What this task involves: Where the listing below reaches the line containing "Тотчас по обнаружении", start writing out lines exactly, and stop once the line containing "Envoyez par email" has been written.
##### Records for the task #####
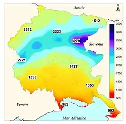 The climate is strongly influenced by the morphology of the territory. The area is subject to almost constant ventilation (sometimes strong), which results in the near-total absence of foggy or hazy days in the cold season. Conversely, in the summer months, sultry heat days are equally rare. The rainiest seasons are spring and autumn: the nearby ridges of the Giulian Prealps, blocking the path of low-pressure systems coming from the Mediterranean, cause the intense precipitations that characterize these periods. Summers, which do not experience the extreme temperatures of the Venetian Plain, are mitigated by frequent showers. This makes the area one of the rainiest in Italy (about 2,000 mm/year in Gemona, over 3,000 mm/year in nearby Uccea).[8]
#####
##### Records for the task #####
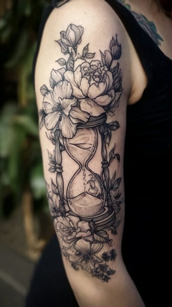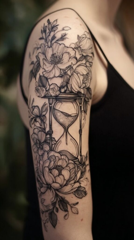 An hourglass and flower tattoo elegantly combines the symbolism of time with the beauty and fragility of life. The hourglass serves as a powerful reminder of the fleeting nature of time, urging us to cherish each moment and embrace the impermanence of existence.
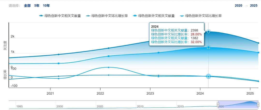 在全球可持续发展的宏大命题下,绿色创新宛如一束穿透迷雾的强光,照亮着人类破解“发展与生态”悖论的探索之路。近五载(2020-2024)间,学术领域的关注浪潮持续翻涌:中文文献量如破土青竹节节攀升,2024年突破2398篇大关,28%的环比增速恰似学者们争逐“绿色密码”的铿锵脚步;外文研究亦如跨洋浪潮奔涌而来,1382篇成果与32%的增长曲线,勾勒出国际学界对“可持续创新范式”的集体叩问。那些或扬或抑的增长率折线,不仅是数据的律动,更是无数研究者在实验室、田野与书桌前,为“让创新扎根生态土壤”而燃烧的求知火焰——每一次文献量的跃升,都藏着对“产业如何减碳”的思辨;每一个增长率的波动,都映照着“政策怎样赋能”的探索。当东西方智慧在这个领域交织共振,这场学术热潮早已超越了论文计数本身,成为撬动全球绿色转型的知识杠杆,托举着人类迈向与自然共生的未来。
#####
##### Records for the task #####
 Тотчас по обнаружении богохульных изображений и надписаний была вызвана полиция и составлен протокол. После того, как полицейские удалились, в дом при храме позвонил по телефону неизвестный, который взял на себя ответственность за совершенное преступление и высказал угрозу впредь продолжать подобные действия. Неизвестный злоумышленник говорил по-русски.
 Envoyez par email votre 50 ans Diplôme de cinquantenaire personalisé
#####
Response to the task:
 Тотчас по обнаружении богохульных изображений и надписаний была вызвана полиция и составлен протокол. После того, как полицейские удалились, в дом при храме позвонил по телефону неизвестный, который взял на себя ответственность за совершенное преступление и высказал угрозу впредь продолжать подобные действия. Неизвестный злоумышленник говорил по-русски.
 Envoyez par email votre 50 ans Diplôme de cinquantenaire personalisé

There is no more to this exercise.